I don't know how to describe it.
I just noticed things like you have friendly vampires, who heal people, that read minds, and evil vampires who go around killing people. A school girl who is somewhat liked in her school.
If Esters dad starts glittering and is revealed as a vegetarian who drinks animal blood, all truth be told I wouldn't be surprised.

Now pulling away from my über critics to the actual story...

Again with the tense jumping. You jump from imperfect to present and from present to perfect. You either keep the story in the past tense or present tense. I won't point out the parts where you got this wrong, it would take way too long. I would advice you to read the piece aloud, you learn many things that way, and you would be able to notice your tense errors.

ATENTION! Info Dump!

You dumped loads of info into this one teeny tiny chapter, and forced it down our throats. Advice: take half of all the info in this chapter and spread it out into other chapters instead of dumping it all into this one. Information about characters can be given when we "meet" them in the book.

then into context:

Some goth chick with way too many piercings named Samantha. The bad boy of the school with bad hair and dirty fingernails named Joshua and his right hand Matt. At the front of the row was Jim, the class clown with very curly, orange hair.


If the MC knows the goth chick, the goth chick isn't "some" goth chick. And what do Joshua's dirty fingernails have to do with anything Is it really necessary to write the fact that he has dirty fingernails?

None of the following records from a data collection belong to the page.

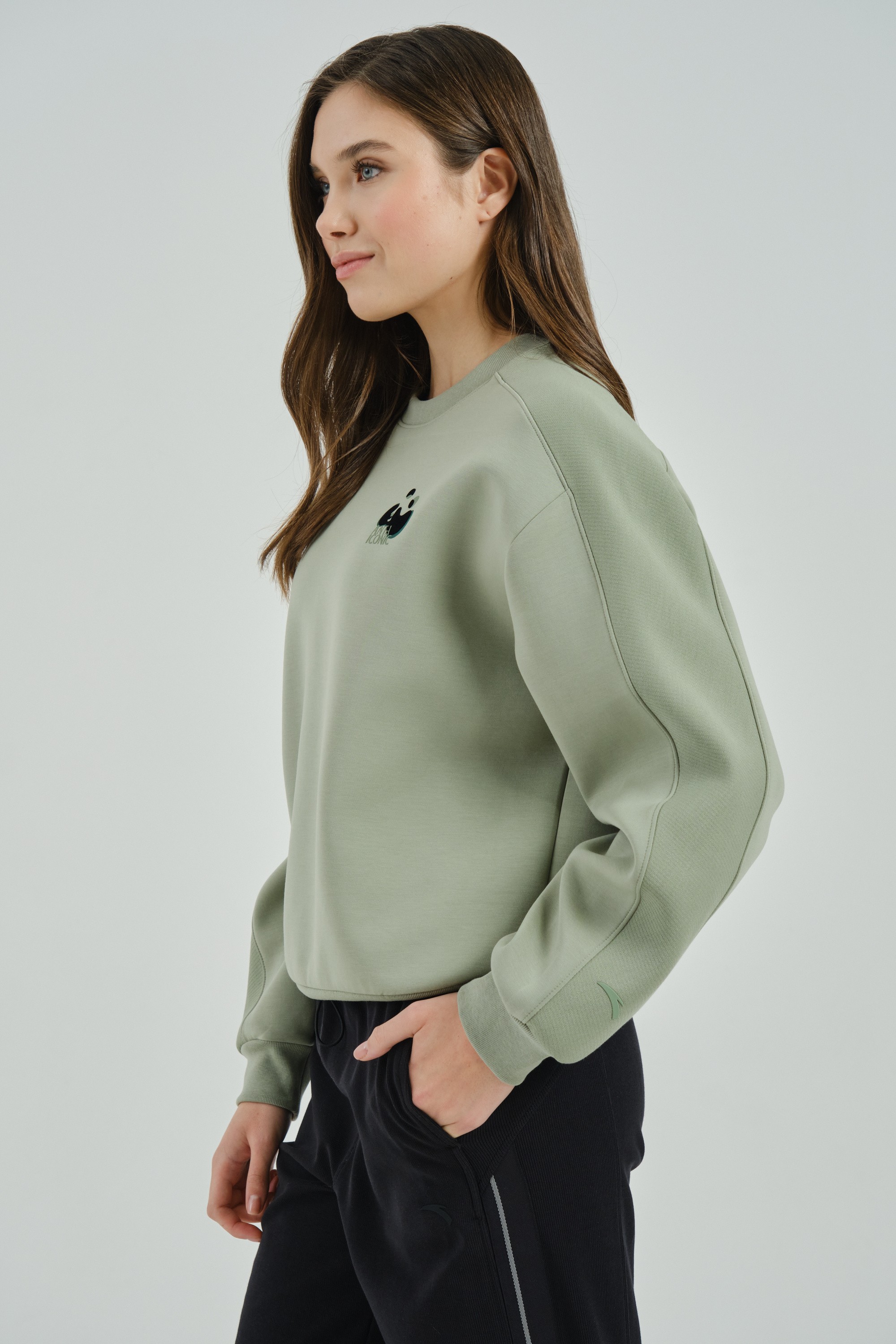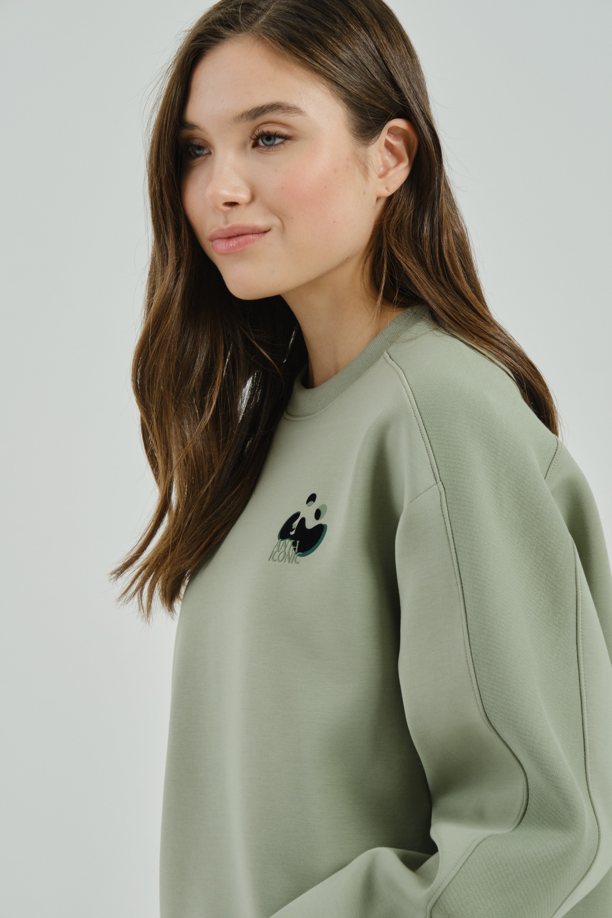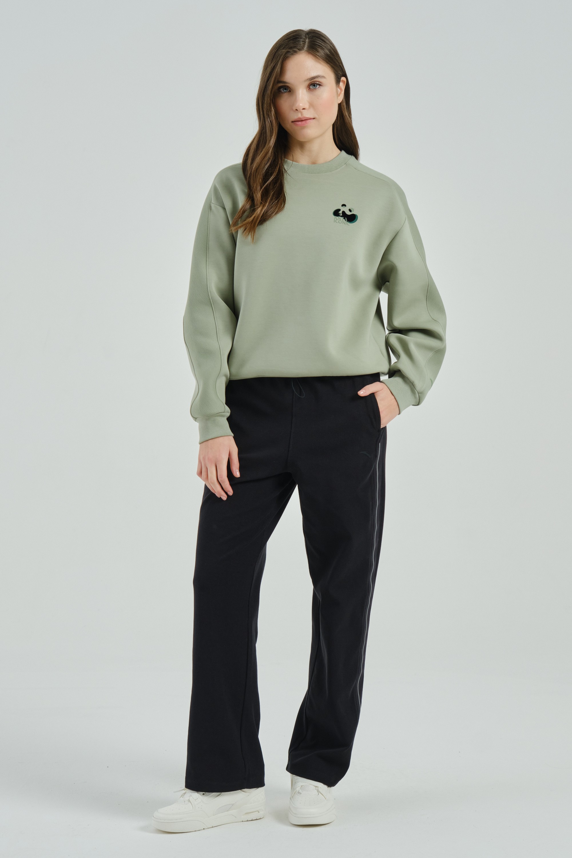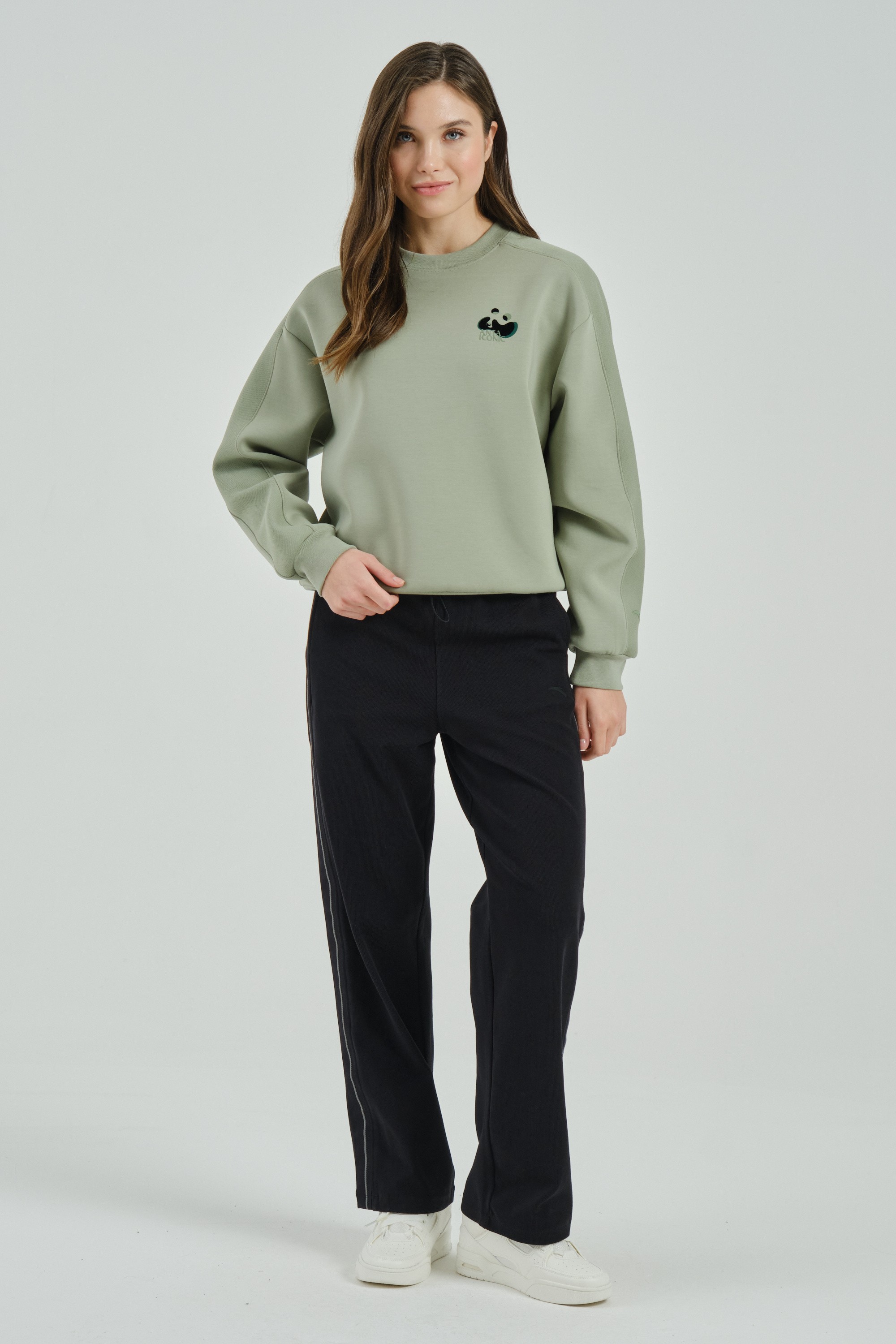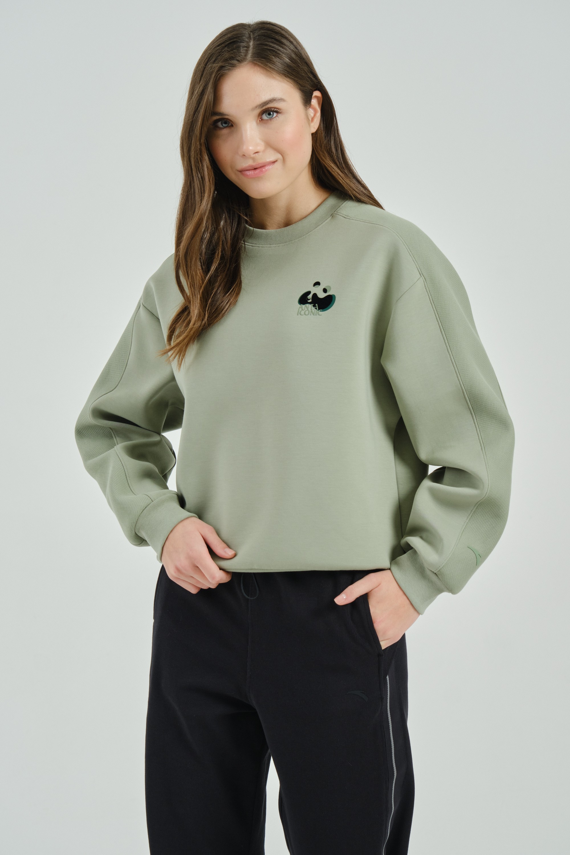Женский свитшот свободного кроя из премиальной коллекции ANTA ICONIC, сочетающий в себе удобство и стиль.
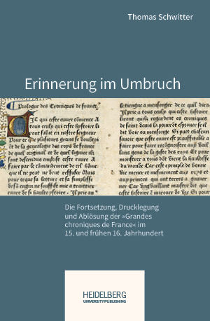 Thomas Schwitter, Erinnerung im Umbruch. Die Fortsetzung, Drucklegung und Ablösung der Grandes chroniques de France im 15. und frühen 16. Jahrhundert, Heidelberg, Heidelberg University Publishing, 2022 ; 1 vol., 334 p. (Pariser Historische Studien). ISBN : 978-3968220925. Prix : € 49,90.
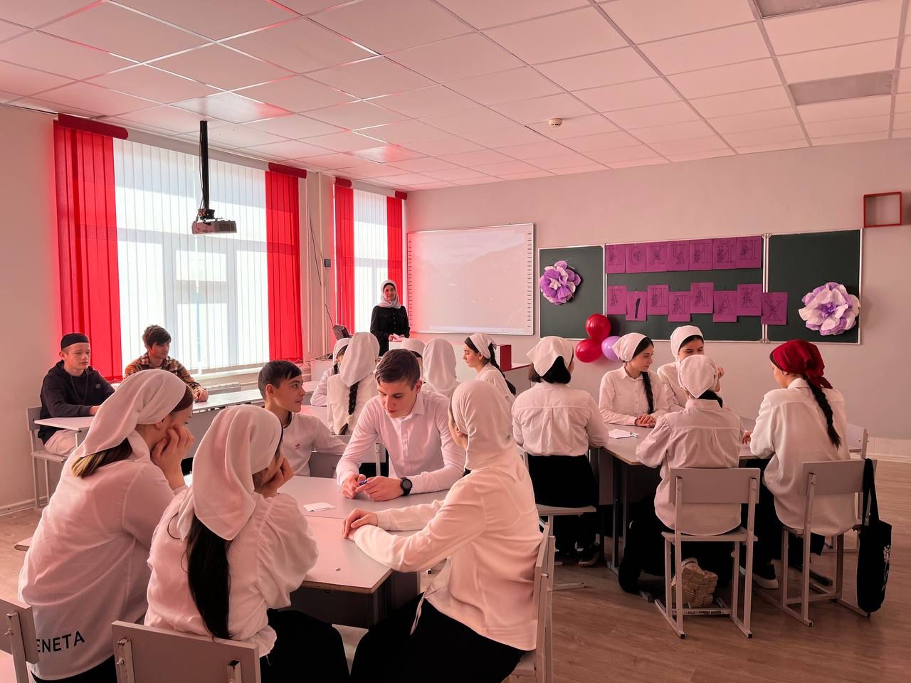 В МБОУ "СОШ 2 с. Чечен-Аул" учителем чеченского языка и литературы, было проведено мероприятие «Нохчийн г1иллакх» среди 8-ых классов.

How does the "lower class" witch know that Ester is a part of a coven?
What does the shape of her nose got to do with anything.

And then there is another info dump about the types of vampires.


I'm sorry if I have been a bit strict about this whole thing, but your story has a lot of potential and the fact that you info dump and that can do wonders to a story... in a bad way.
To copy reality is good... But to create reality is much, much better.
-Giuseppe Verdi-



The only fool bigger than the person who knows it all is the person who argues with him.